Don’t start your training program in the training room.
Suppose you notice that your employees could be doing things more professionally. You notice emails with missing contact information or Excel files that cut off the end columns when printed. Perhaps you overheard a phone conversation that could have been handled better.
Your observations tell you that it’s a good time to do some training. Given the common examples above, it would be hard to put a training program together. If you bring in someone to teach Excel, most of your people will complain that they know enough Excel to do their job and they probably do. But some do not have the proficiency with Excel you wish they had in spite of their self-appraisals. A few will want advanced Excel tips that would be over the heads of many.
Some of the problems have nothing to do with software skill; you notice a lack of polish in the way things are handled and want a greater level of professionalism. You’d like customer service improved.
So how do you go about setting up a training program to address these diverse needs?
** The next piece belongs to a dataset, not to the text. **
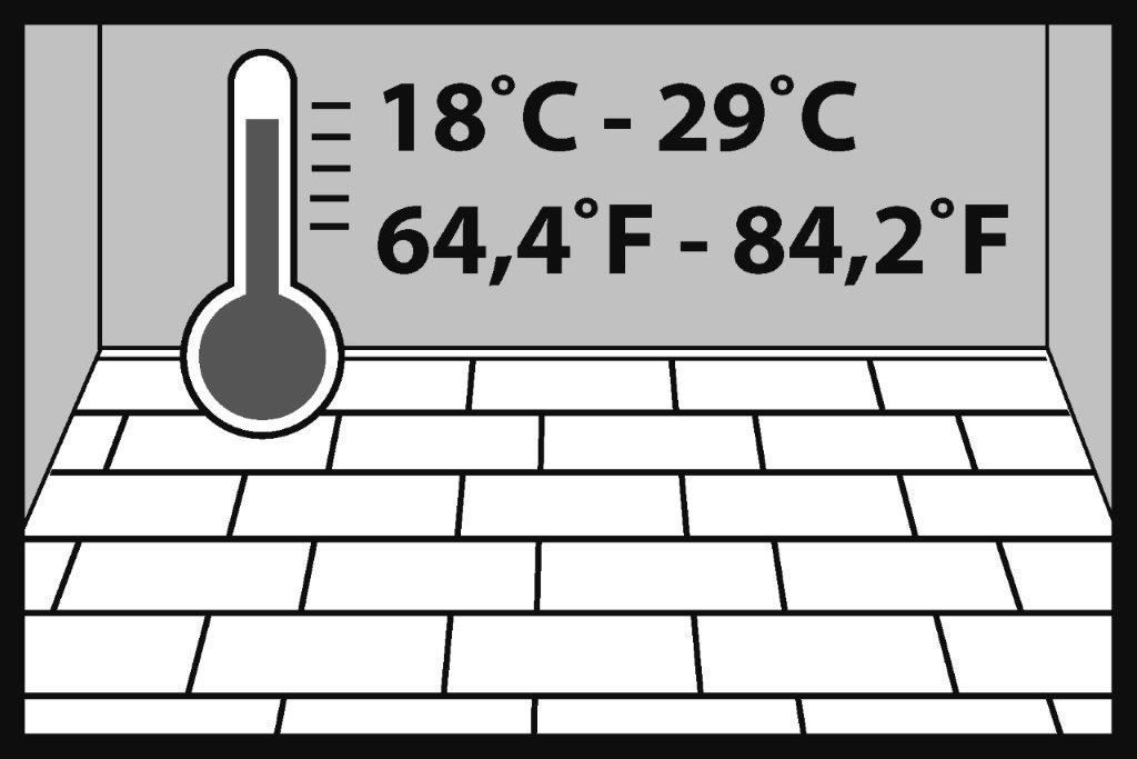 Használat közben a helyiség hőmérsékletének +18 °C és +29 °C között kell lennie.

The job of setting up training is usually handed over to the HR department. Someone in HR tries to arrange classes they can “sell” to the boss and then the employees. The boss groans about the cost. The employees groan about the time these classes will consume. HR groans about the logistics of getting enough people together at the same time to “fill” a class. The whole mess usually yields weak results because the goal gets misplaced in the process. 
HR, having the task of setting up training focuses on that as the objective. They must set up training sessions. The goal shifts from the myriad of minor tunings that would greatly enhance the whole of the business to the goal of filling the classes. There’s “mission drift” that happens as the task of arranging training becomes more and more expensive and cumbersome. HR will want to just get it scheduled and you can’t blame them.
High quality training can be fruitful and cost-effective if properly planned. You must start with a needs assessment. Supervisors should make a list of items they would like to see improved in individual employees. The employees should make a list of things they would like to learn. The lists should be reviewed and given to the trainer. A good trainer will be able to build group sessions where appropriate and plan private training for quick tip sessions. Flexibility is the key to success and cost savings. Having a trainer on-site for a week rather than a day will give plenty of time to work through new skills and give follow-up. Your people will get to know, and therefore, open up to the trainer. Once the trust is established, the employees are more willing to reveal what they do not know.
This requires a great trainer. [Okay, there’s a hint to call me] This approach, of mixing group and private time, is very effective both in terms of what “sticks” and total cost. A large group class can cost between $4,000-$10,000. The classes lean toward the higher costs when subjects such as improving customer service or better email communication are added to the mix. A diverse and experienced trainer can give you a week of service for that amount of money. Because so much of the training by a great trainer is provided on a one-to-one basis, there is little or no scheduling nightmare.
One last important point about training. Training is a process, not an event. You must allow for follow-up sessions at 30, 90 and 180 days after the initial training. The trainer can circulate and follow through for a day or two without the need to schedule any big sessions. Training dollars are wasted if you don’t see training as a continual process.